Xiang-Lan Yao; Mark J. Cowan; Mark T. Gladwin; Marion M. Lawrence; C. William Angus; James H. Shelhamer

The effect of the glucocorticosteroid, dexamethasone, on arachidonic acid (AA) release and on protein levels of p11 and cytosolic phospholipase A2 (cPLA2) was studied in two epithelial cell lines, HeLa cells and BEAS-2B cells. Dexamethasone treatment of HeLa cells and BEAS-2B cells increased cellular p11 protein and mRNA levels in a time- and dose-dependent manner. It had little effect on levels of cPLA2 protein. In order to determine if increased p11 protein expression resulted in increased interaction between p11 and cPLA2, anti-cPLA2 antibodies were used to immunoprecipitate p11zcPLA2 complexes and Western blots of the immunoprecipitate were used to detect p11. In cells treated with dexamethasone, more p11 was detected in the anti-cPLA2 immunoprecipitate compared with control cells. Dexamethasone treatment of HeLa cells prelabeled with [3H]AA decreased the release of [3H]AA under basal conditions and after stimulation with the calcium ionophore A23187 (10–6 M).
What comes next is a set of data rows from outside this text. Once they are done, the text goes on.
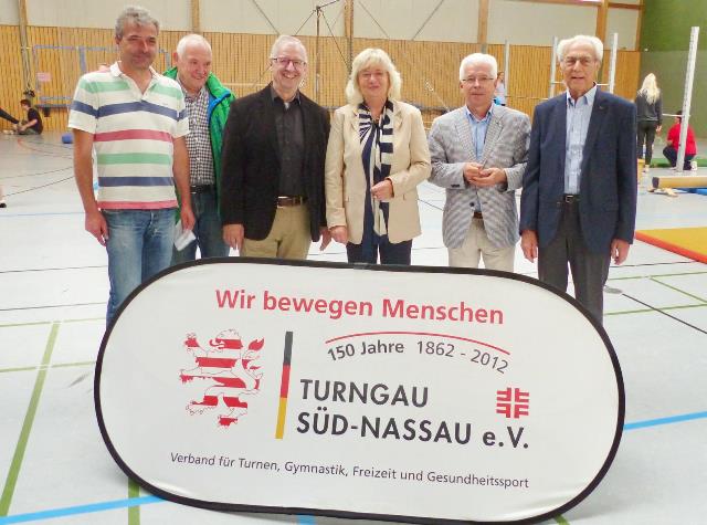 v.l. Frank Weschbach Vorstand TG Winkel, Werner Fladung, 1. Stadtrat Oestrich Winkel, Manfred Schmidt Sportkreisvorsitzender, Petra Müller-Klepper MDL, Roland Laube Stadtverordnetenvorsteher, Günther Stöckert Turngau Süd Nassau. Foto: Hermann Martin
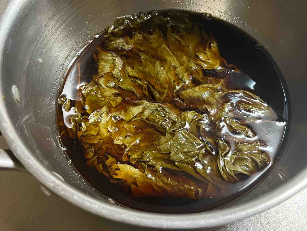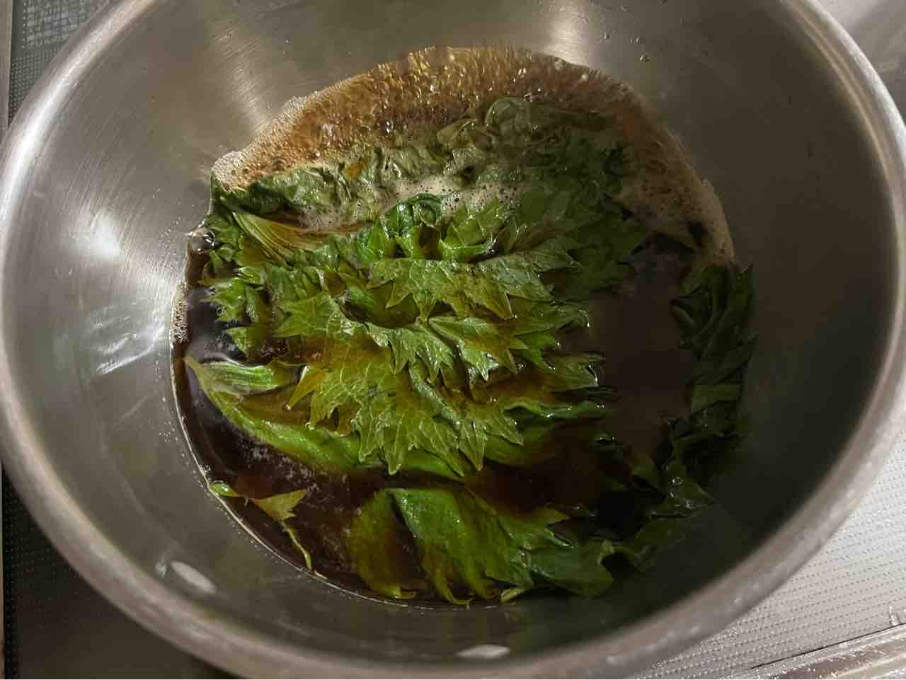 2、煮立って砂糖が溶けたら、青紫蘇と米酢を入れ再度煮立ったら火を止めます
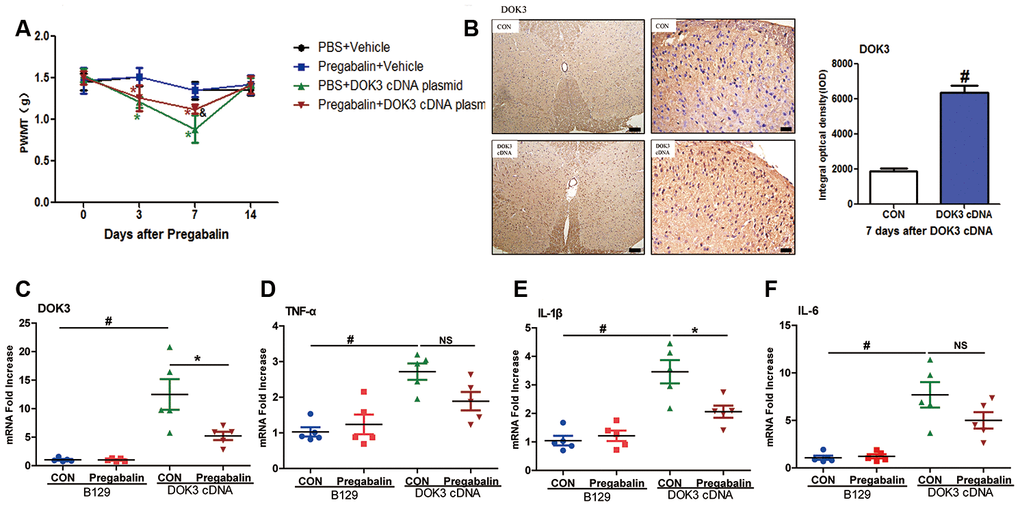 The ultimate goal of our research was to relieve pathologic pain and increase clinical relevance. Since DOK3 was critical to neuropathic pain in mice, we reasoned that supplementation of pregabalin might prevent the development of inflammatory states by inhibiting DOK3. Accordingly, we generated a plasmid harboring DOK3 cDNA or vector plasmid and introduced it into mice via intrathecal injection daily for 3 days. We then simultaneously administered a daily 14-day intragastric injection of pregabalin (Lyrica, Pfizer Manufacturing Deutschland GmbH).

In order to determine if altering the p11 protein levels in HeLa cells independent of glucocorticosteroid treatment could also produce an effect on [3H]AA release, cells were stably transfected with plasmids expressing either p11 antisense mRNA or p11 mRNA. Cloned HeLa cells expressing p11 antisense mRNA exhibited less cellular p11 protein compared with control cells and greater [3H]AA release compared with cells transfected with a control vector. Cloned HeLa cells stably transfected with a p11 expression vector exhibited increased p11 cellular protein and diminished [3H]AA release under basal conditions and in response to A23187. Therefore, dexamethasone alteration of epithelial cell AA release may be due in part to induction of p11 protein expression.